Check your mailboxes on Friday for this week’s print edition of The Times.


  1. There are 7 words in the headline.
    Also 7 words about school closures.
    If the Times is going to run an article that looks like more than 700 words about school closings, I think it should say something about school closings.
    Why the schools are closed , for example ?
    I can’t think of any rational reason to inconvenience hundreds of parents and keep the kids home today, only to add another day to the school calendar on some nice day next spring.

    • More than 3,000 customers still without power (more when the decision was made), some roads not yet passable, and people using warming shelters up-Island. Maybe you’re among the fortunate ones who has electricity? Good for you.

      • As a working single dad for years, when school was unexpectedly closed , it was inconvenient. Of course they don’t exist for the convenience of parents.
        Reducing traffic on the roads is a rational reason to close the schools.
        Good point.
        My original comment was merely to point out that the original article did not specifically link any issue to the need to close the schools.
        My criticism was that I thought the headline was sensationalism.
        Also, I could be wrong, but don’t all public schools on the island have emergency generators ? I would appreciate feedback on that question.
        I also appreciate the comment from Mary.
        I don’t mind being ” schooled”.

    • The rational reason is to reduce Island traffic to facilitate removal of hazardous conditions caused by the storm.
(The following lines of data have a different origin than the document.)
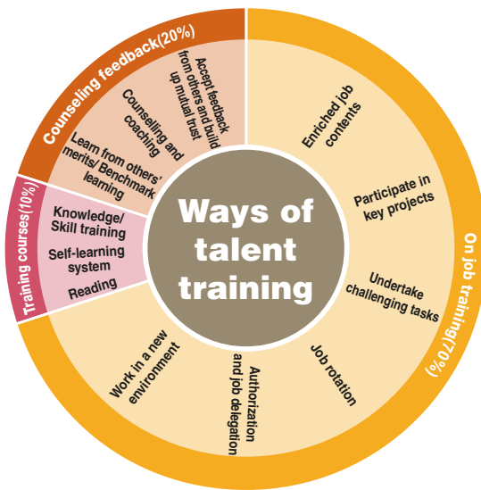
Diagram on the Group's talent training

In 2018, a total of more than 130,000 of the Group's staff in service participated in various training organized by the Group, with over 20,000 training hours in aggregate.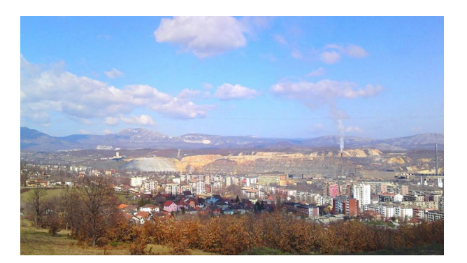
Fig. 3. The town of Bor

Cerovo (1990). These mines are situated on the north-eastern rim of the town, so that the open pit, the metallurgical smelting complex and the flotation tailings pond make a boundary between the urban and the industrial zones ( Fig. 2 ).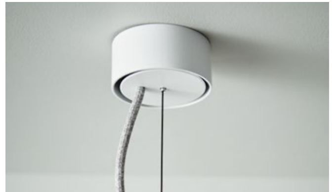
White Ceiling Canopy, Flex Option – Mid Grey Linen

Handmade to the same size and shape specifications as the other fittings in the Potter Light family, the Potter Halo is thrown on a potter's wheel using a specially formulated, high-grade porcelain. Sourced from a producer in Australia, the porcelain used to make the Potter Halo is internationally regarded as one of the finest in the world. Its highly refined nature produces a semi-translucent surface that glows softly when illuminated from within.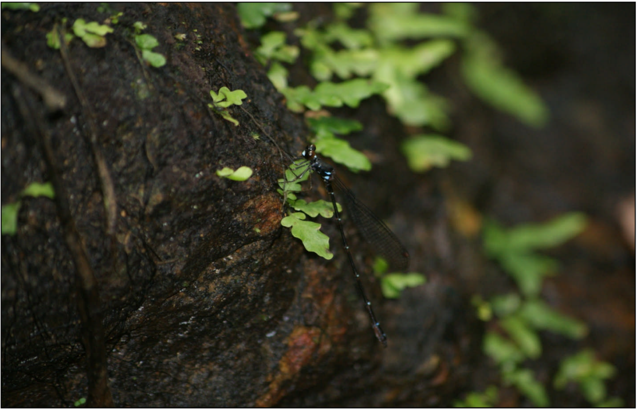
Figure 4: Drepanosticta philippa

  2. I’m a retired school teacher whose grandson attends an Island schools. Regarding the 2nd day of closing, I can think of many reasons – not all schools had power; main and secondary roads were blocked making it dangerous for school buses traveling and picking up students and for parents dropping off their children; many families had no communication so coordinating with school staff was difficult; some families were staying at shelters so impossible to reach. Even though they’re called “snow days,” I believe the Island-wide system has 5 of them for all weather emergencies. My experience is that we don’t get much snow here these winters, but school has been called off for heavy rain and high winds – as we had these past two days. Safety and sanity first.

  3. Does MEME also provide outrage maps? Sounds like we could use them, but the fix doesn’t seem possible at all, ever.